The rain lasted nearly two hours; but the sun was out again when
Pere Beret took leave of his young friend. They had been having
another good-natured quarrel over the novels, and Madame Roussillon
had come out on the veranda to join in.
"I've hidden every book of them," said Madame, a stout
and swarthy woman whose pearl-white teeth were her only mark of
beauty. Her voice indicated great stubbornness.
"Good, good, you have done your very duty, Madame,"
said Pere Beret, with immense approval in his charming voice.
"But, Father, you said awhile ago that I should have my own
way about this," Alice spoke up with spirit; "and on
the strength of that remark of yours I gave you the pie and wine.
You've eaten my pie and swigged the wine, and now--"
Pere Beret put on his straw cap, adjusting it carefully over the
shining dome out of which had come so many thoughts of wisdom,
kindness and human sympathy. This done, he gently laid a hand
on Alice's bright crown of hair and said:
"Bless you, my child.

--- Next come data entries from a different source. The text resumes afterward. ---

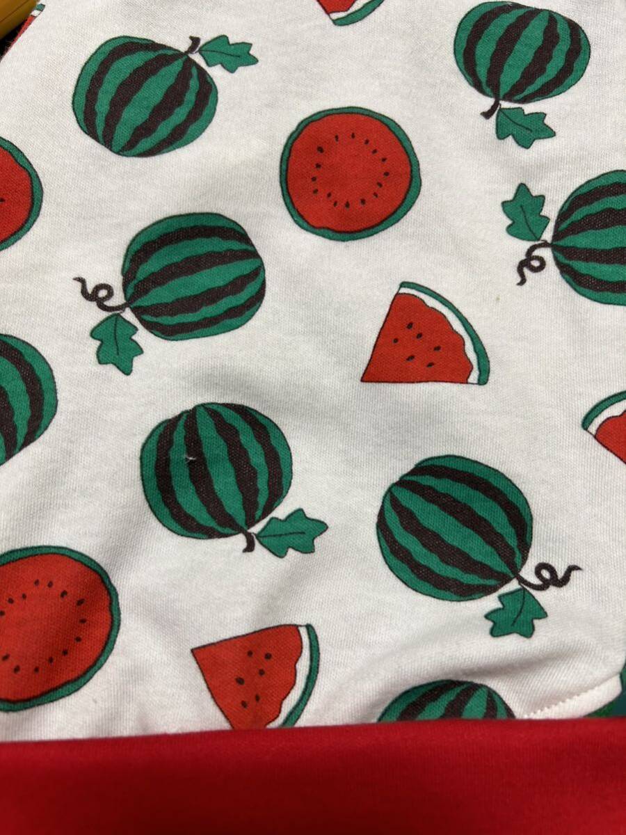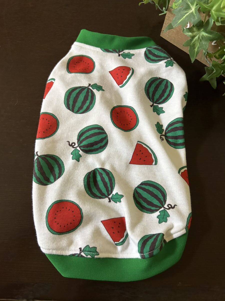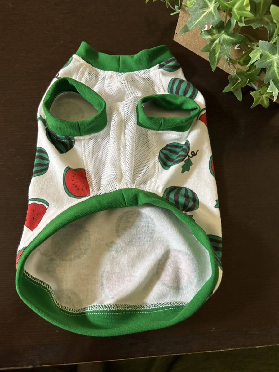 タンクトップはスイカ柄のニット生地と前身頃は白色のメッシュ生地を使用しています。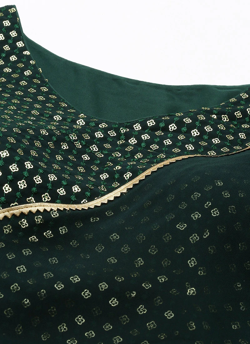 Green Embroidered Georgette Kali Flared Gown Party Wear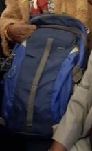 Lost Backpack, Back pack is Blue and some part is Dark blue and it had a Gray vertical stripe .Got lost during transit from JFK airport to LAX .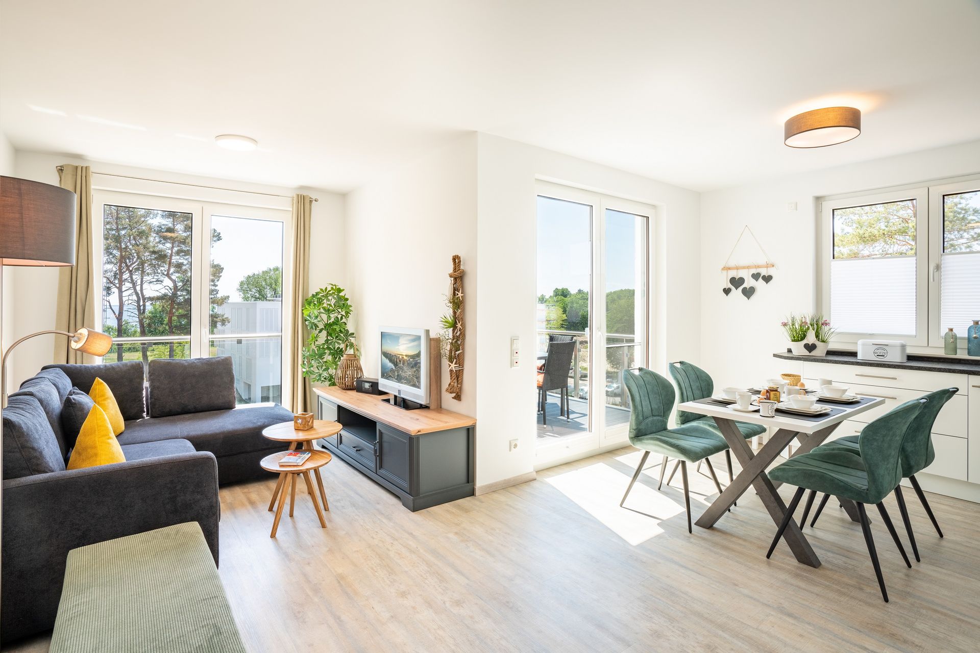 Auf einer Wohnfläche von 61 m² finden drei Erwachsene und ein Kleinkind bis zwei Jahre (im Babybett) in dieser modern eingerichteten Ferienwohnung ausreichend Platz für einen entspannten Urlaub am Stettiner Haff auf Usedom.

I will pray to the Prince of Peace
for you as long as I live, and I will never cease to beg the Holy
Virgin to intercede for you and lead you to the Holy Church."
He turned and went away; but when he was no farther than the gate,
Alice called out:
"O Father Beret, I forgot to show you something!"
She ran forth to him and added in a low tone:
"You know that Madame Roussillon has hidden all the novels
from me."
She was fumbling to get something out of the loose front of her
dress.
"Well, just take a glance at this, will you?" and she
showed him a little leather bound volume, much cracked along the
hinges of the back.
It was Manon Lescaut, that dreadful romance by the famous Abbe
Prevost.
Pere Beret frowned and went his way shaking his head; but before
he reached his little hut near the church he was laughing in spite
of himself.
"She's not so bad, not so bad," he thought aloud, "it's
only her young, independent spirit taking the bit for a wild run.
In her sweet soul she is as good as she is pure."